Edificio de aulas en el colegio de mujeres donde daba clases.

"Entonces, ¿qué tipo de persona crees que es el autor?" Les pregunté a las estudiantes de mi clase en una universidad de élite para mujeres en Tokio. Grillos. “¿El texto sugiere su origen étnico o de clase?” Más grillos, caras inclinadas hacia abajo o mirándome fijamente. “¿Cómo podría cambiar nuestra interpretación de la lectura si ella fuera asiática americana, negra o una mezcla de ambas?” Los grillos ahogados por las cigarras, cuyo rítmico zumbido resonaba en este caluroso y sudoroso día de verano japonés.

Estoy exagerando un poco el silencio en mi salón de clases: algunos estudiantes levantaron la mano para responder preguntas o hacer las suyas propias. Pero la mayoría carecía de la voluntad de hacer algo que mis estudiantes estadounidenses casi siempre hacían. Me preguntaba si el idioma inhibía su participación, por lo que los animé a responder en japonés y otros estudiantes traducían al inglés. No hizo ninguna diferencia. Un colega japonés confirmó que el lenguaje tenía poco que ver con mi clase silenciosa, al tiempo que lamentaba el hecho de que los japoneses no se sentían tan cómodos como los estadounidenses a la hora de expresar sus propios pensamientos originales.

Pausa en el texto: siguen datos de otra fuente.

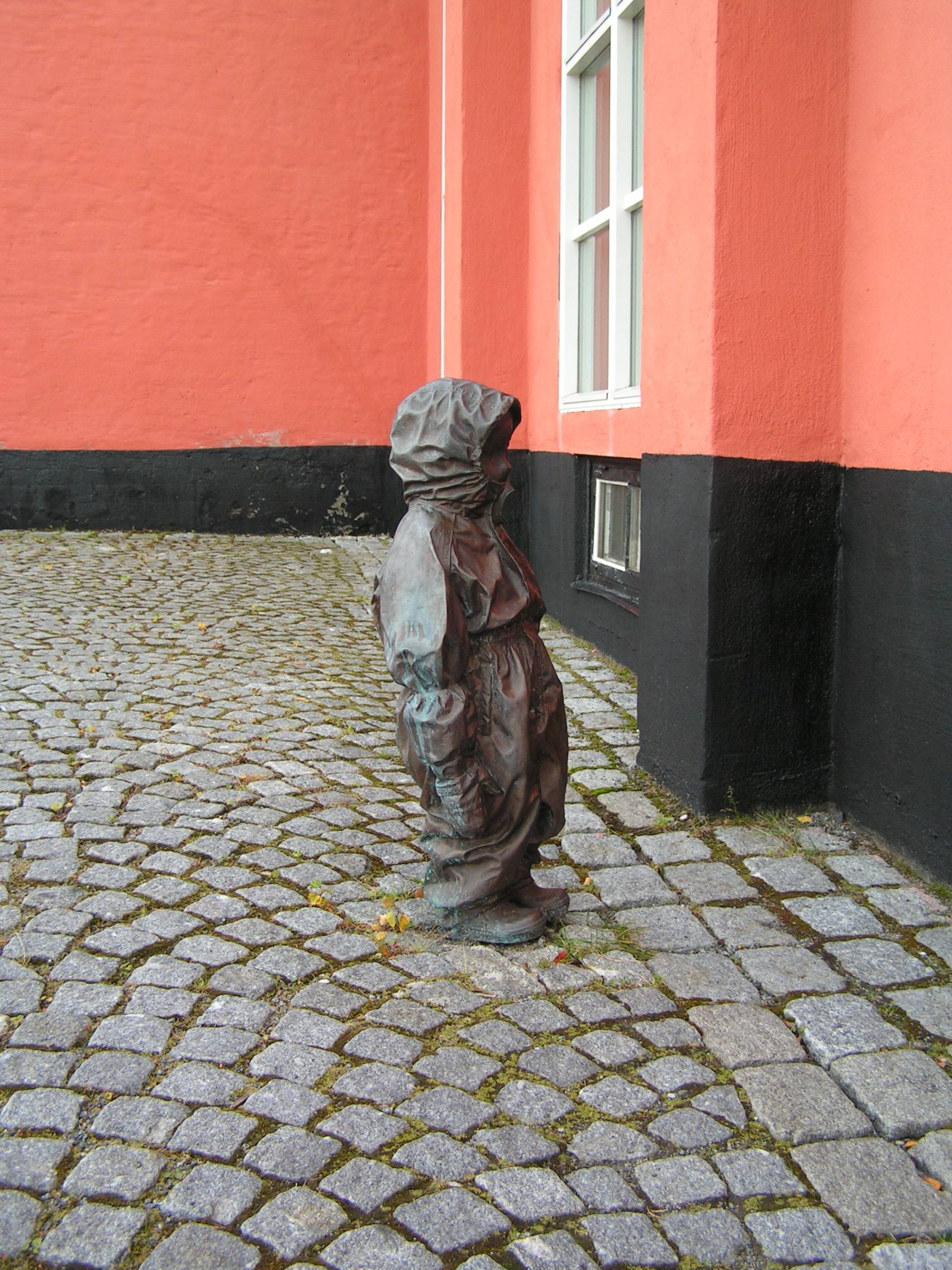 Charlotte Gyllenhammar, "Out", Bronze, 2004. Photo taken at Umedalen sculpture park
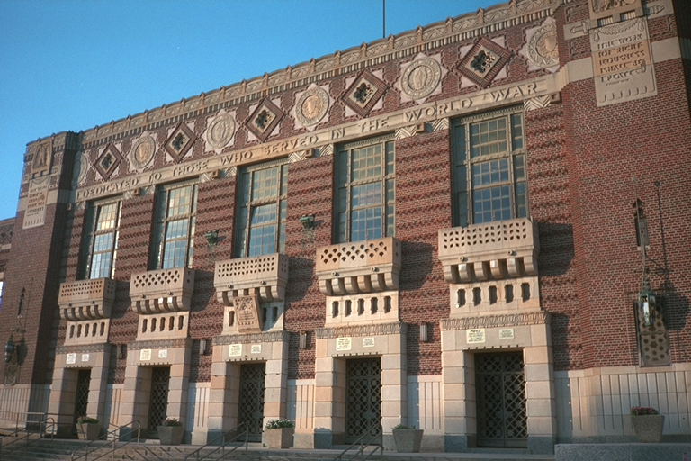 Shreveport Municipal Auditorium (site of Louisiana Hayride)
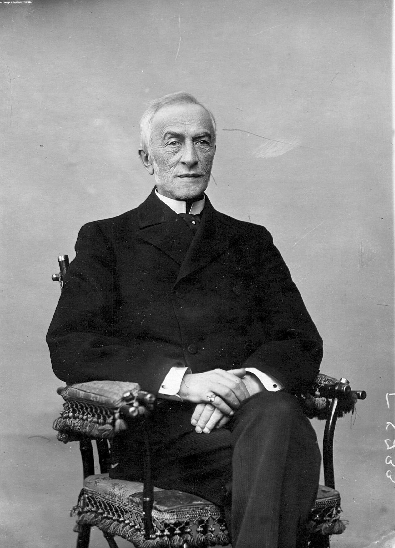 Privy councilor of the Russian Empire, Andrei Markovich.
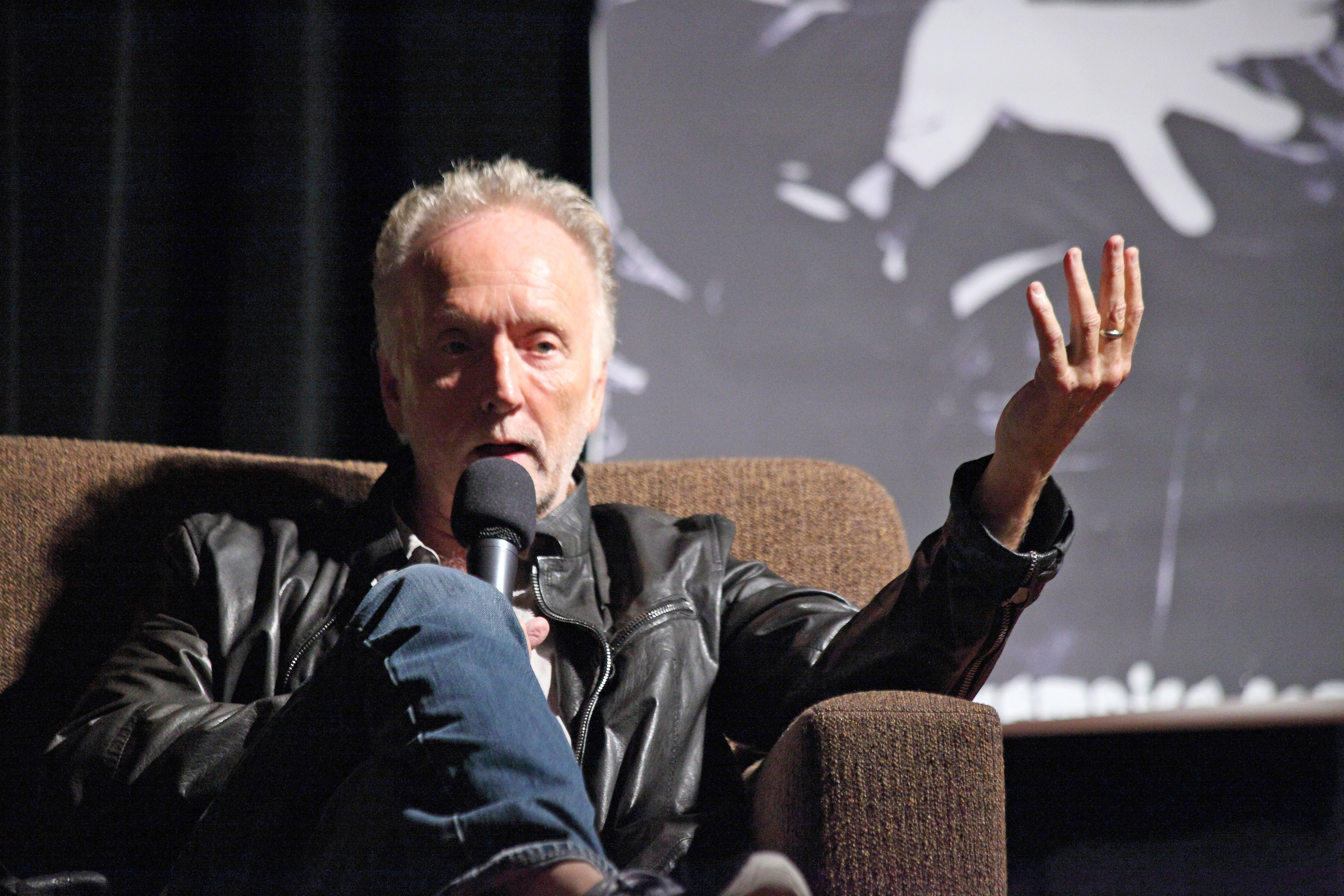 Tobin Bell at Spooky Empire Ultimate Horror Weekend 2014 in Orlando, Florida.
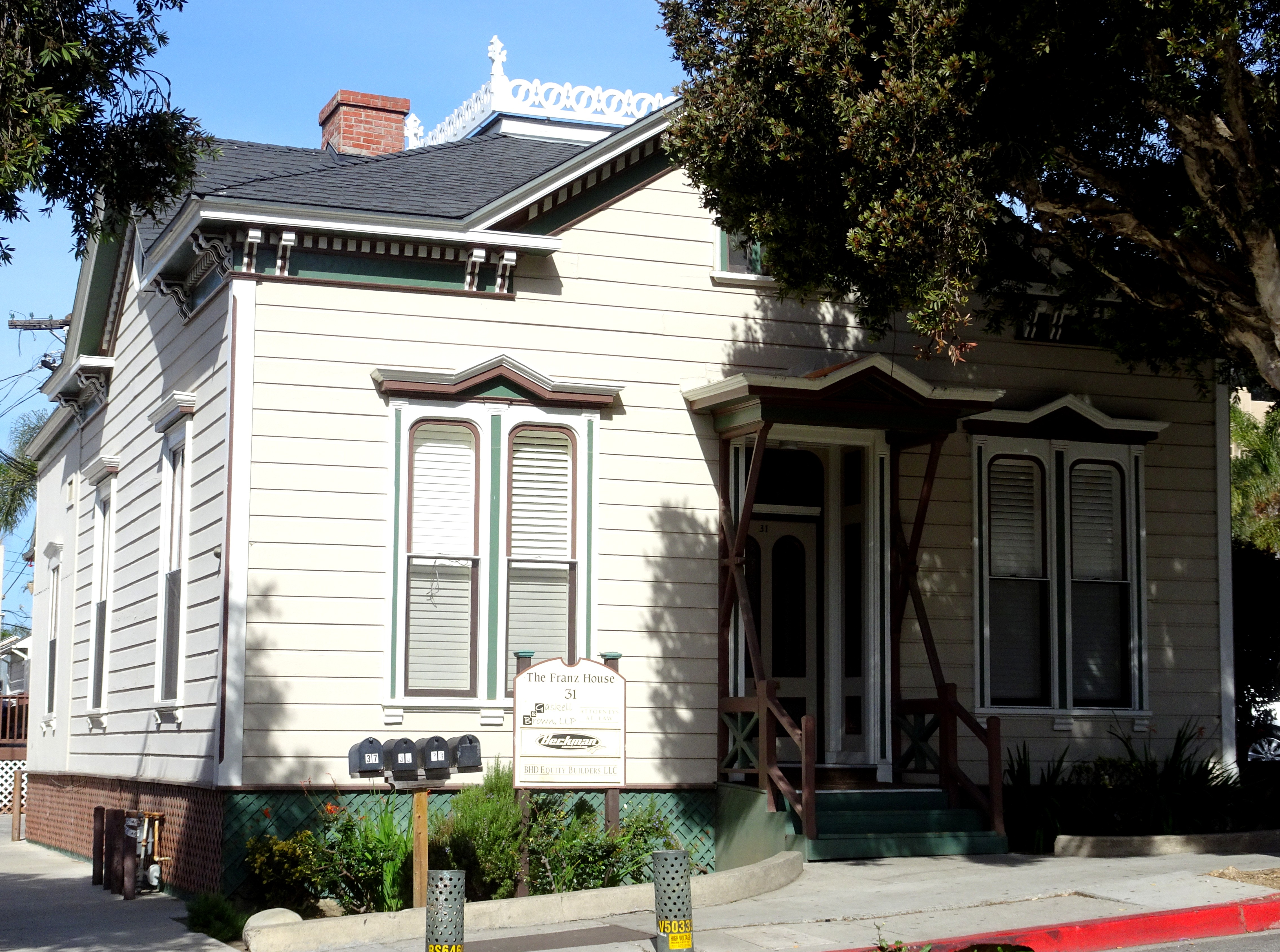 Emmanuel Franz House, 31 N. Oak Street, Ventura, California (Ventura Historic Landmark No. 21)
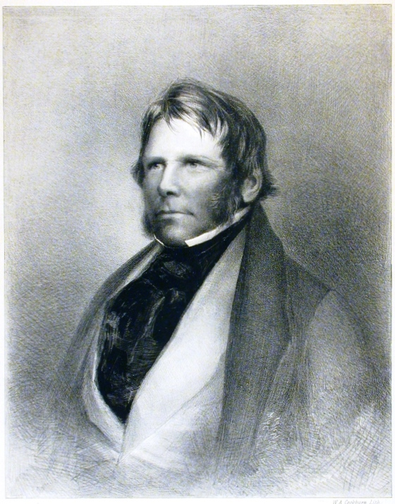 Print, James Pattison Cockburn, by William A. Cockburn, 1849, Ink on paper, 34.1 x 27.5 cm
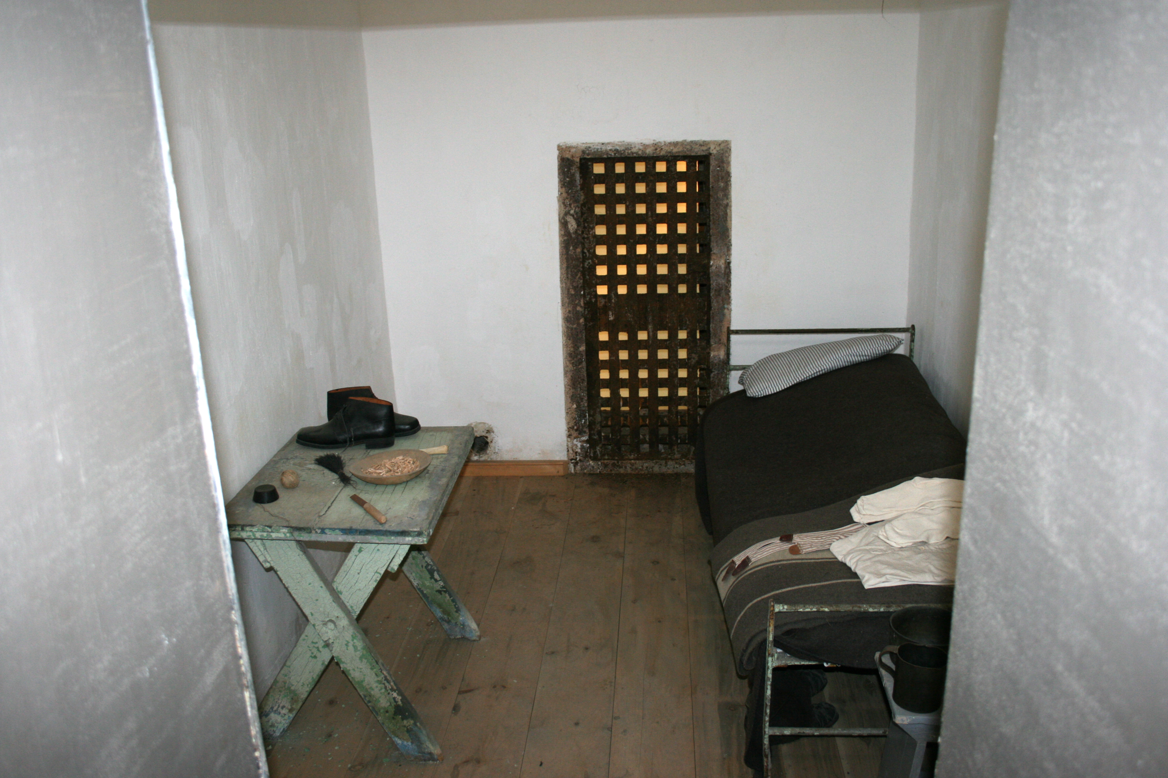 A mock-up of what a cell was like during Eastern State Penitentiary's days.
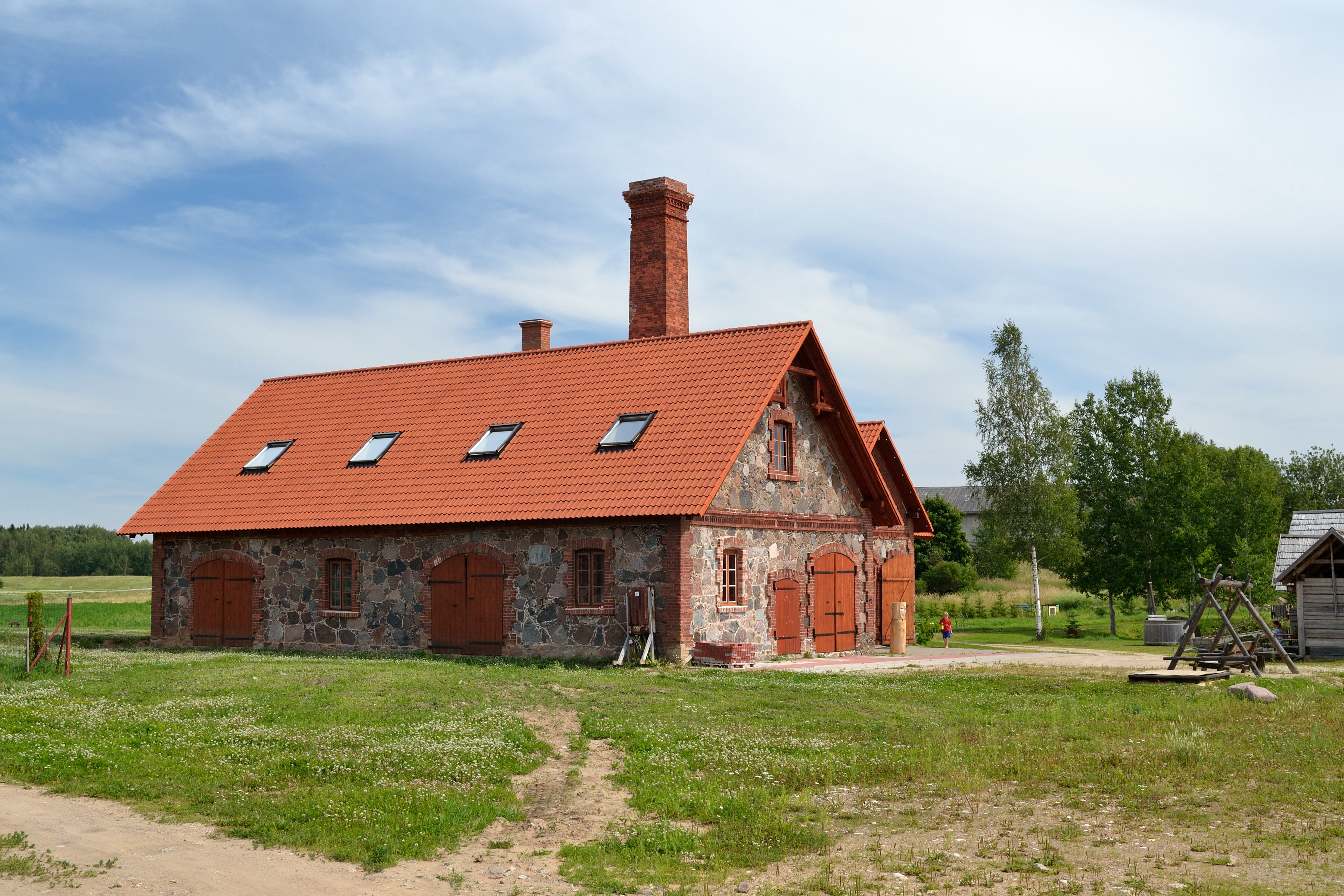 Mooste manor steam mill with boilerhouse
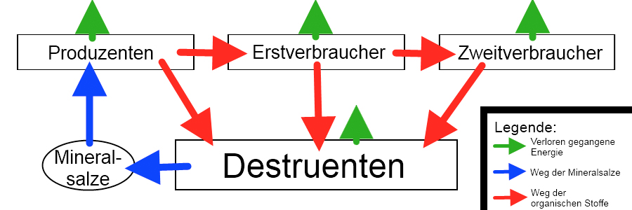 The material cycle and the energy flow in the ecosystem
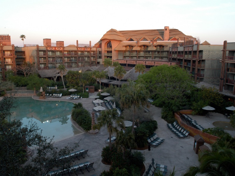 A low resolution photo of the Animal Kingdom Lodge, showing the pool BEFORE its most recent refurbishment in 2018.
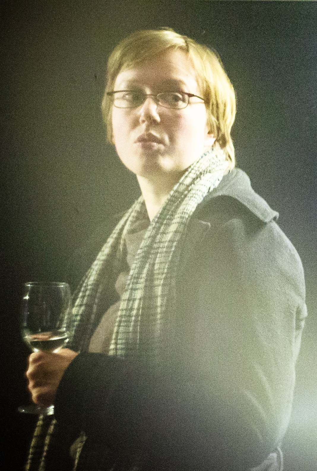 Cinema director Giedrė Beinoriūtė
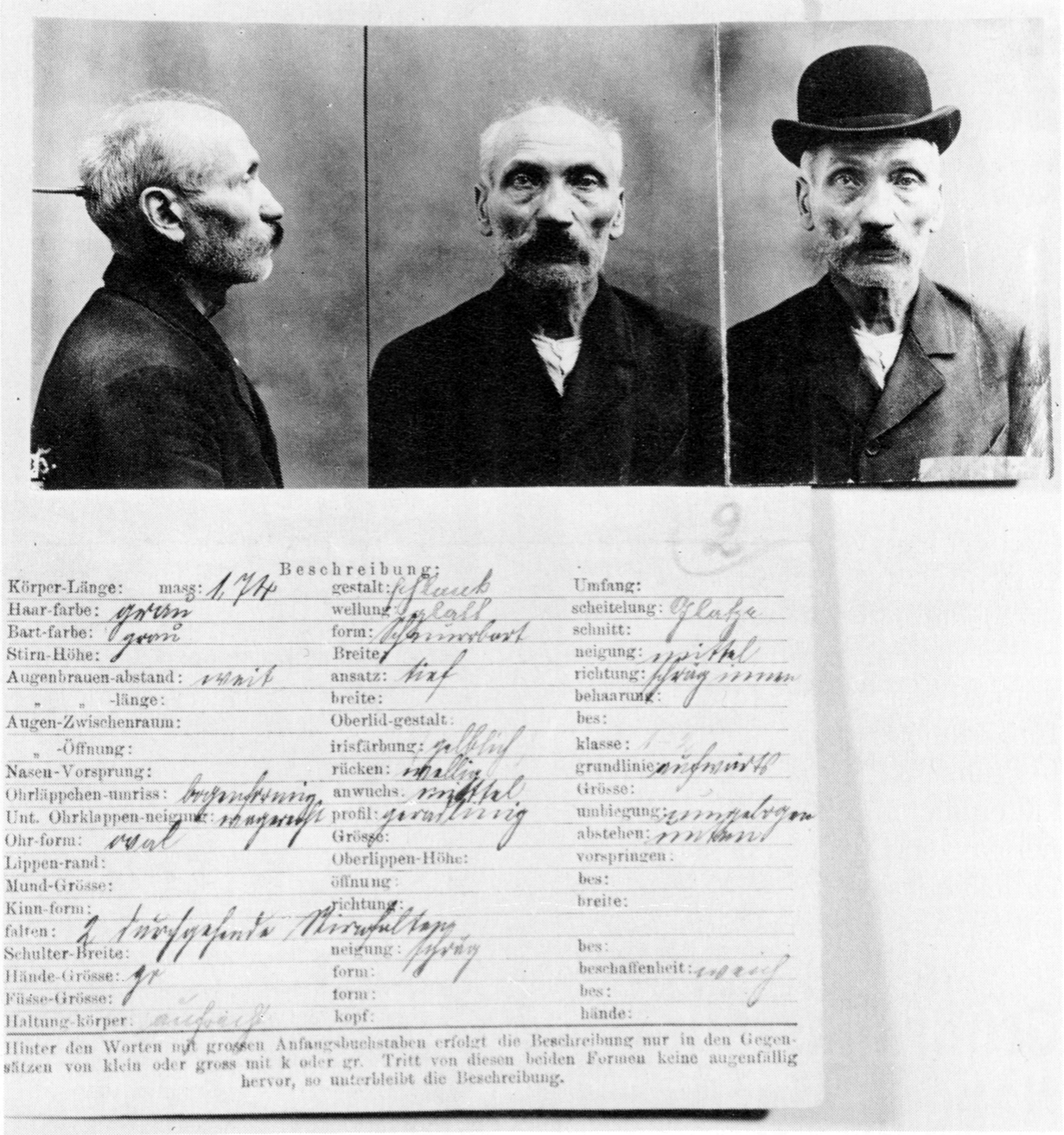 Wilhelm Friedrich Voigt's personal description on the prision file.

La beca que me trajo a Japón buscaba promover la comprensión y la buena voluntad internacionales, como los innumerables programas de intercambio que envían a estudiantes, investigadores y equipos deportivos juveniles en ambos sentidos a través del Pacífico. Pero había una diferencia crucial: aquí el movimiento fue en una sola dirección.

El gobierno de Estados Unidos envió profesores como yo a universidades japonesas como conferenciantes visitantes, pero no trajo instructores de Japón para enseñar en nuestro país, ni siquiera aquellos que dominaban el inglés como mi amigo Yujin. Los críticos del programa de profesores visitantes podrían criticarlo por encarnar la noción asimétrica de que los estadounidenses tienen cosas importantes que enseñar a los japoneses, pero que no tienen cosas igualmente valiosas que enseñarnos a nosotros.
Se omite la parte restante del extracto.